Singapore’s tax authority has updated its guidance regarding digital tokens, exempting “hobbyist” miners from taxation.
The Inland Revenue Authority of Singapore, or IRAS, issued updated tax guidance for digital tokens on April 17. The guidelines concern payment tokens, utility tokens, security tokens, and tokens issued through initial coin offerings, or ICOs.
Fluctuations in the value tokens held by miners, ICO issuers, businesses, and individuals are not taxable or deductible unless realized.
Businesses handling tokens receive usual treatment
Despite emphasizing that payment tokens are not legal tender, Singapore’s new guidelines state that transactions executed using payment tokens “are viewed as barter trade.”
When receiving payment tokens, a business will incur normal tax obligations based on the value of the underlying goods sold, while usual deductions are available to businesses that pay for goods and services using payment tokens.
While payments made using utility tokens are “unlikely to create an income subject to tax,” utility tokens may “give rise to a deductible expense subject to usual deduction rules.”
ICO founder’s rewards treated as capital asset or revenue
The guidelines clarify that the taxability of founder’s rewards garnered through conducting ICOs will be determined based on whether they are provided as remuneration for services provided.
Founder’s rewards will be considered a capital asset unless they are issued as a reward for services provided — in which case they will be treated as revenue.
Security tokens will be taxed according to “the nature of the return derived from a security token” — such as “whether it is in the form of interest or dividend,” and “whether the security token is a capital or revenue asset to the owner.”

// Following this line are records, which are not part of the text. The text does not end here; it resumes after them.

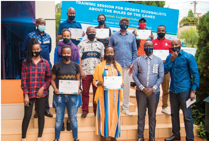
Group photo of some participants after the closing ceremony.

The Rwanda National Olympic and Sports Committee in partnership with the Basketball, Cycling and Volleyball Federations hosted a training session for Rwandan Sports Journalists about the Rules of the Games.
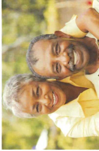
WASHOE COUNTY SENIOR SERVICES PROVIDES AN ARRAY OF SERVICES!

Mon - Fri, 8:00 am - 5:00 pm Lunch served - 11:15 am - 12:30 pm (775) 328-2575 1155 E. 9th Street, Reno
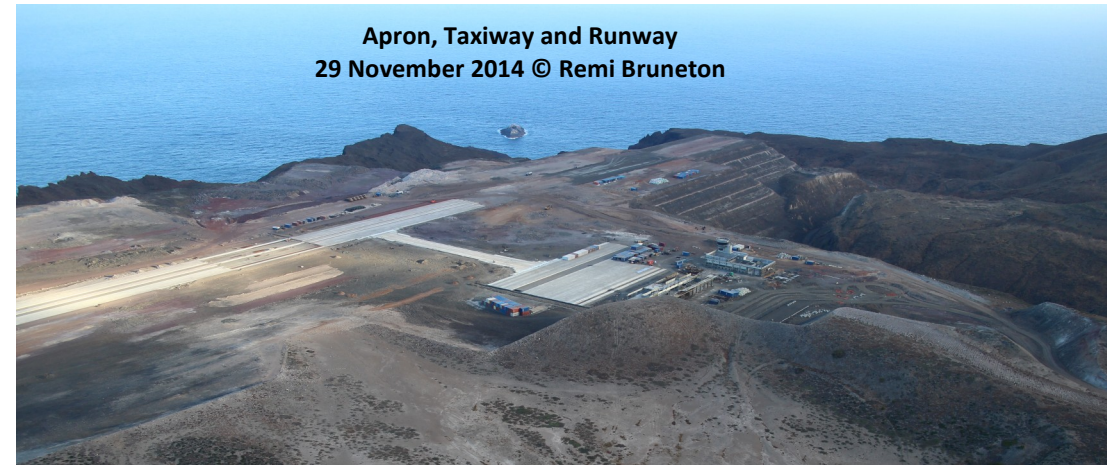
Apron, Taxiway and Runway 29 November 2014

On the seaward side of the blocks, core and under layer rock is also being positioned. These will be protected with precast CORE-LOC armour units.
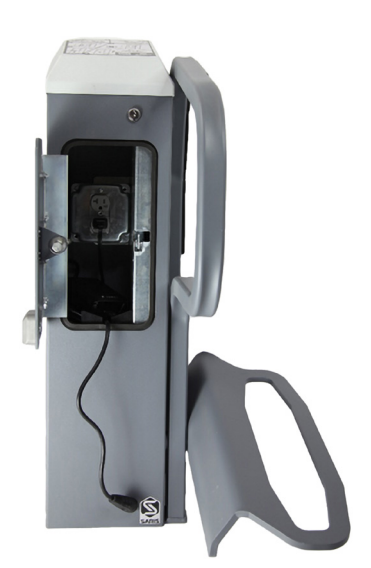
Secure charging locker includes automatic cooling fan and GFCI outlet (charger not included)

Downloadable product resources available online:
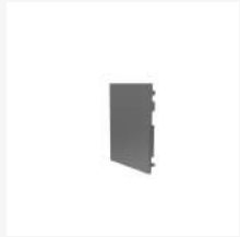
Terminal head Hush
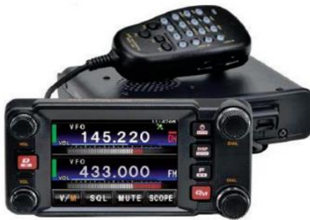
Yaesu FTM-400 DR/DE C4FM FDMA/FM 144/430 MHz 50W DUAL BAND TRANSCIVER
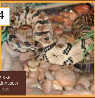
Timber Rattlesnake Crotalus horridus (Linnaeus) [Squamata: Viperidae]
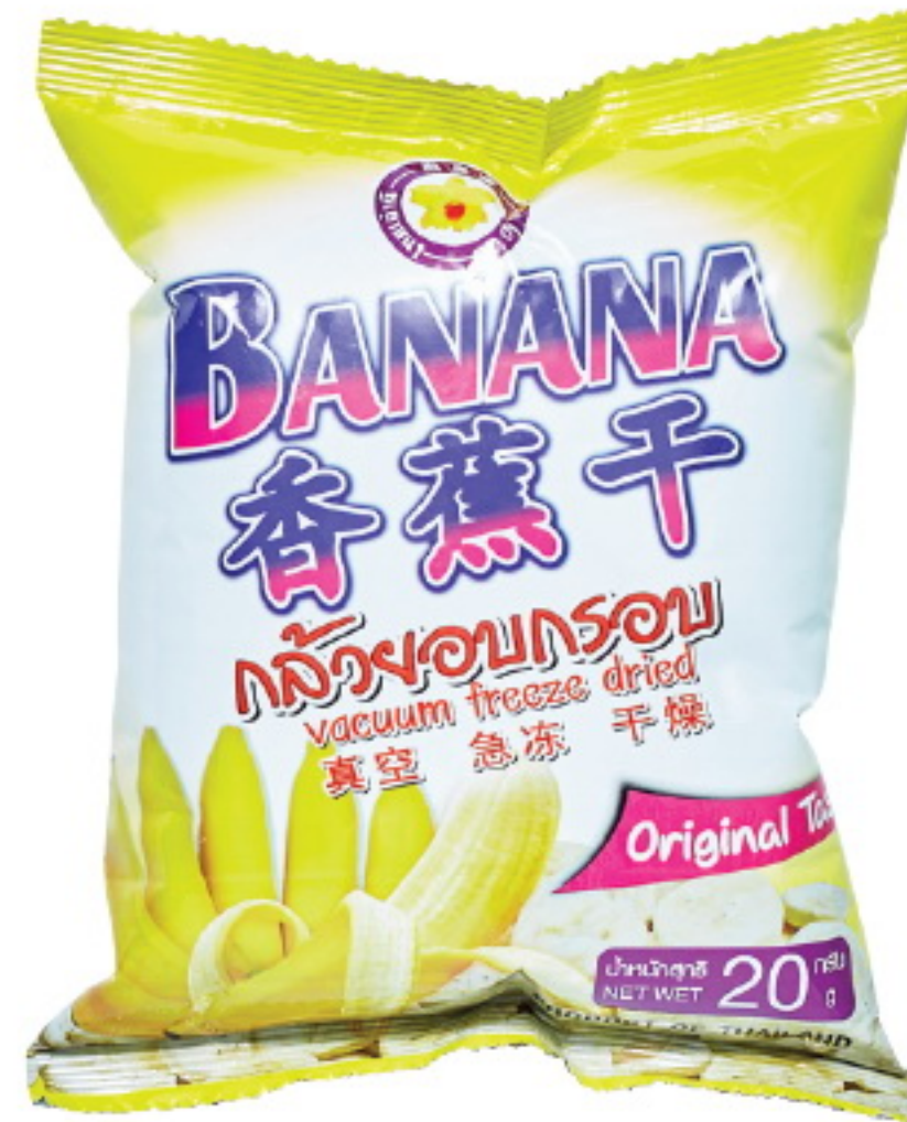
Banana 20 gm

SHELF LIFE : 18 MONTHS PACKING : 36 BAGS / CTN (20 GM x 36 BAGS) LOADING : 1,000 CTN / 20 FT

‘Hobbyist’ miners receive light treatment
The guidelines state that the taxation of crypto miners “depends on whether the miner performs the mining activity with an intention to profit.”
“Miners may perform mining as a hobby or to hold the tokens mined as a long-term investment. If so, the disposal gains/ losses of the payment tokens are not taxable/ deductible.”
Capital gains on mined tokens exempt from tax
However, Singapore-based miners that are shown to make “a habitual and systematic effort to make a profit from the activities,” will likely be considered to be “carrying on a vocation of a miner.”
Companies and individuals engaged in commercial mining activities will be subject to tax on profits at the time of token disposal, while capitals from the sale of mined tokens are not subject to tax.